## Extracted entries

□ □ □ □ □ □ □

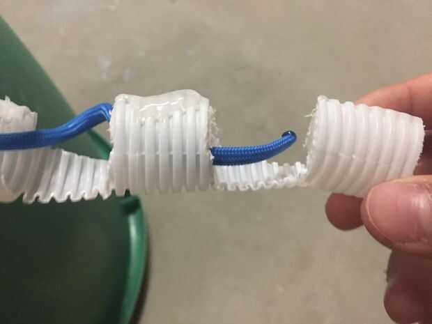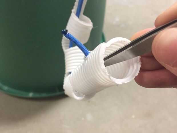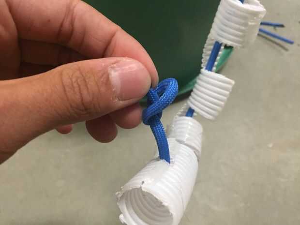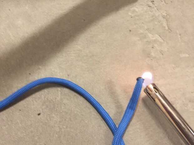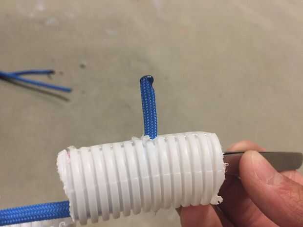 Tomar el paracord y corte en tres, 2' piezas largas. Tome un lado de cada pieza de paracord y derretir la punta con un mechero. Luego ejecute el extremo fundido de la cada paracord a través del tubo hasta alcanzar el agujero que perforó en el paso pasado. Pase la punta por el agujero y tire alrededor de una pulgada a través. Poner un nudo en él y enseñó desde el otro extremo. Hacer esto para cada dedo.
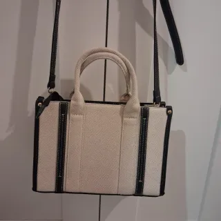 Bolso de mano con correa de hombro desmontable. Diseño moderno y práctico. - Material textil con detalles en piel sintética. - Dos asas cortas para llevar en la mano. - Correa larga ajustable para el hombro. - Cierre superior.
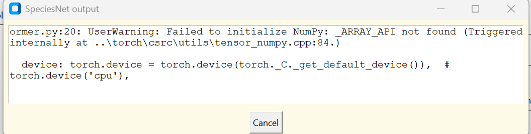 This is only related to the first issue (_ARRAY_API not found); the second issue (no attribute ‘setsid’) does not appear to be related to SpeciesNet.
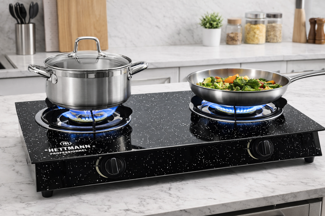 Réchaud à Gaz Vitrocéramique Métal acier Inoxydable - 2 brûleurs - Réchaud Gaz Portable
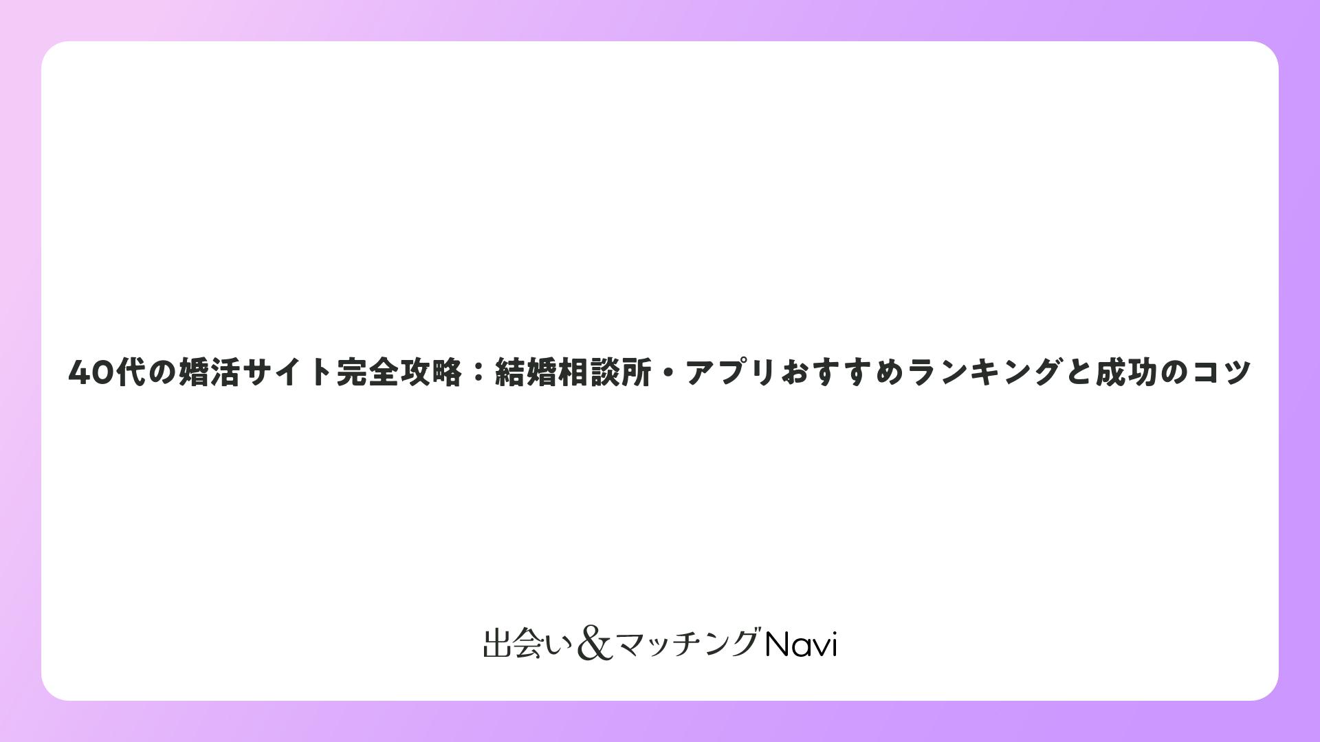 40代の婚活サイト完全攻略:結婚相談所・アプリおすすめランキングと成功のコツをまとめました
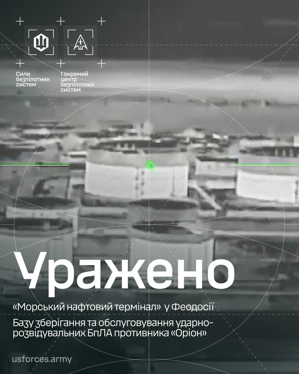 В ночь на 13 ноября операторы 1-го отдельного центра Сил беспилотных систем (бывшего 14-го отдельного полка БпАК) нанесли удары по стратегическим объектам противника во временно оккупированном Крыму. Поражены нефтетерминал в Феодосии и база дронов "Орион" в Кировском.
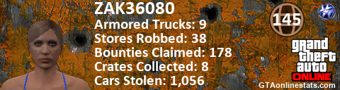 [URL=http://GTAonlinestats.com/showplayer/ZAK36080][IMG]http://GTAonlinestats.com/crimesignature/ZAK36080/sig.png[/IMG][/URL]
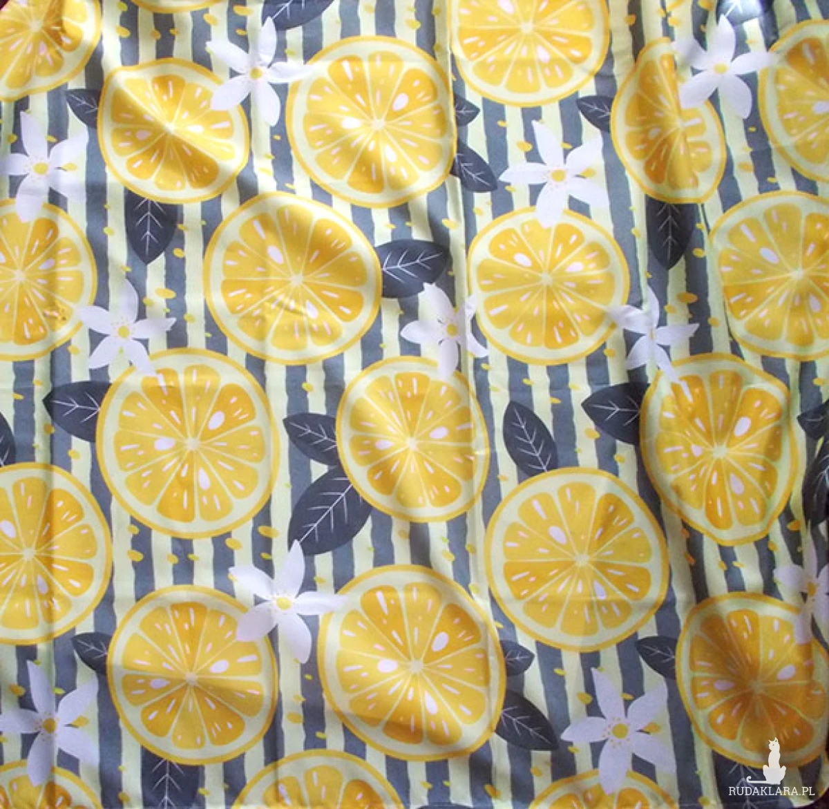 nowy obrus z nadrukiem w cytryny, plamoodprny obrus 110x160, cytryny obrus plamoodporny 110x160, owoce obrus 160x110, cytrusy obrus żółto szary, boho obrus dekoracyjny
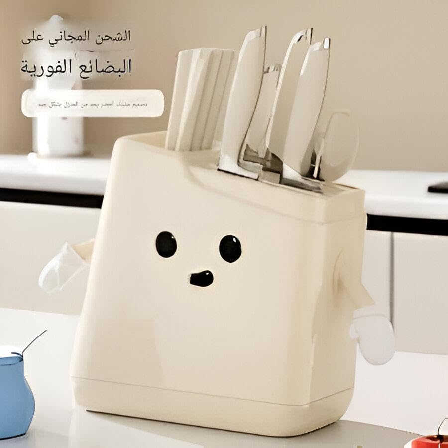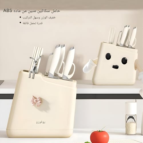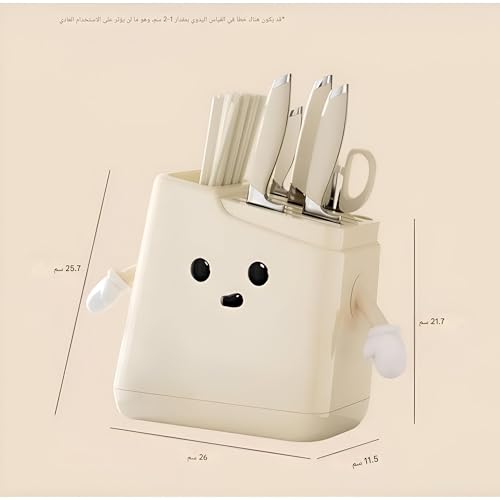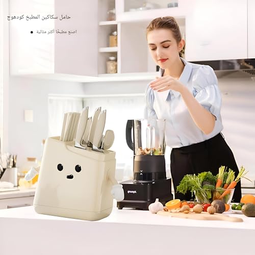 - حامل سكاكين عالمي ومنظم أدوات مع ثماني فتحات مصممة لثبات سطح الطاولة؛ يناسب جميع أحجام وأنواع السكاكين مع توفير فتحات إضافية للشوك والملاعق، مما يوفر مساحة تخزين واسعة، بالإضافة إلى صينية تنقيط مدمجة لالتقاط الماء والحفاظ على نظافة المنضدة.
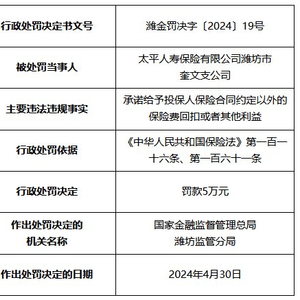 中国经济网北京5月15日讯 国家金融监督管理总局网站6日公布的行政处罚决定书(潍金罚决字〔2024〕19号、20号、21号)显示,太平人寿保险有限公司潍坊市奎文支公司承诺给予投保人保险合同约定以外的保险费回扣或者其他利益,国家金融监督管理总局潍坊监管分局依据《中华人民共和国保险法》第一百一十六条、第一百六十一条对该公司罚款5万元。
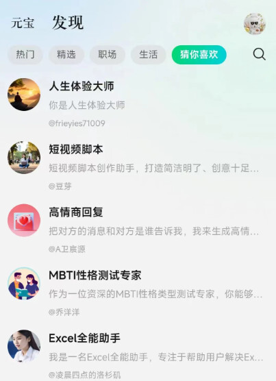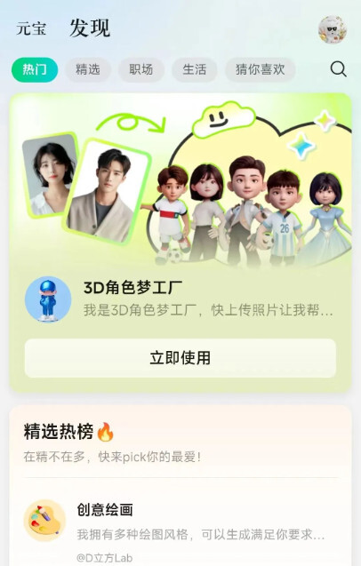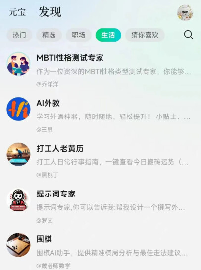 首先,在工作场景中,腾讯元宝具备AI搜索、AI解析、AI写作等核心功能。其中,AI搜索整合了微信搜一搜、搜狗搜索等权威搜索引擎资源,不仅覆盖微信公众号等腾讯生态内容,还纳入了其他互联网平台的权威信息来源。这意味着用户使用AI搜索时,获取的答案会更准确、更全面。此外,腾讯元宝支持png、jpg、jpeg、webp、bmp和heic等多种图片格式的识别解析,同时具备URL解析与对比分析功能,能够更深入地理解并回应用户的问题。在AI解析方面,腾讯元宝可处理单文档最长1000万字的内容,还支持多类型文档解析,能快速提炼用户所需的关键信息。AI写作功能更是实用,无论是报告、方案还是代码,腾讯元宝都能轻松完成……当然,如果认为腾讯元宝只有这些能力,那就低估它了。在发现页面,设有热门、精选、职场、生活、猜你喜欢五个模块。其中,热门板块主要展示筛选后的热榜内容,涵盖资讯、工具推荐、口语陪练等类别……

□ □ □ □ □ □ □

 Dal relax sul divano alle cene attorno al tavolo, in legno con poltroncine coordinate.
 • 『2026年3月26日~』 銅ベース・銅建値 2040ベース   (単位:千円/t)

□ □ □ □ □ □ □

## Assigned task
Above are records with pictures. Reproduce exactly only the lines from the line with "This is only" through the line with "首先,在工作场景中,腾讯元宝", both ends included, and leave the pictures out.

## Response for this exercise
 This is only related to the first issue (_ARRAY_API not found); the second issue (no attribute ‘setsid’) does not appear to be related to SpeciesNet.
 Réchaud à Gaz Vitrocéramique Métal acier Inoxydable - 2 brûleurs - Réchaud Gaz Portable
 40代の婚活サイト完全攻略:結婚相談所・アプリおすすめランキングと成功のコツをまとめました
 В ночь на 13 ноября операторы 1-го отдельного центра Сил беспилотных систем (бывшего 14-го отдельного полка БпАК) нанесли удары по стратегическим объектам противника во временно оккупированном Крыму. Поражены нефтетерминал в Феодосии и база дронов "Орион" в Кировском.
 [URL=http://GTAonlinestats.com/showplayer/ZAK36080][IMG]http://GTAonlinestats.com/crimesignature/ZAK36080/sig.png[/IMG][/URL]
 nowy obrus z nadrukiem w cytryny, plamoodprny obrus 110x160, cytryny obrus plamoodporny 110x160, owoce obrus 160x110, cytrusy obrus żółto szary, boho obrus dekoracyjny
 - حامل سكاكين عالمي ومنظم أدوات مع ثماني فتحات مصممة لثبات سطح الطاولة؛ يناسب جميع أحجام وأنواع السكاكين مع توفير فتحات إضافية للشوك والملاعق، مما يوفر مساحة تخزين واسعة، بالإضافة إلى صينية تنقيط مدمجة لالتقاط الماء والحفاظ على نظافة المنضدة.
 中国经济网北京5月15日讯 国家金融监督管理总局网站6日公布的行政处罚决定书(潍金罚决字〔2024〕19号、20号、21号)显示,太平人寿保险有限公司潍坊市奎文支公司承诺给予投保人保险合同约定以外的保险费回扣或者其他利益,国家金融监督管理总局潍坊监管分局依据《中华人民共和国保险法》第一百一十六条、第一百六十一条对该公司罚款5万元。
 首先,在工作场景中,腾讯元宝具备AI搜索、AI解析、AI写作等核心功能。其中,AI搜索整合了微信搜一搜、搜狗搜索等权威搜索引擎资源,不仅覆盖微信公众号等腾讯生态内容,还纳入了其他互联网平台的权威信息来源。这意味着用户使用AI搜索时,获取的答案会更准确、更全面。此外,腾讯元宝支持png、jpg、jpeg、webp、bmp和heic等多种图片格式的识别解析,同时具备URL解析与对比分析功能,能够更深入地理解并回应用户的问题。在AI解析方面,腾讯元宝可处理单文档最长1000万字的内容,还支持多类型文档解析,能快速提炼用户所需的关键信息。AI写作功能更是实用,无论是报告、方案还是代码,腾讯元宝都能轻松完成……当然,如果认为腾讯元宝只有这些能力,那就低估它了。在发现页面,设有热门、精选、职场、生活、猜你喜欢五个模块。其中,热门板块主要展示筛选后的热榜内容,涵盖资讯、工具推荐、口语陪练等类别……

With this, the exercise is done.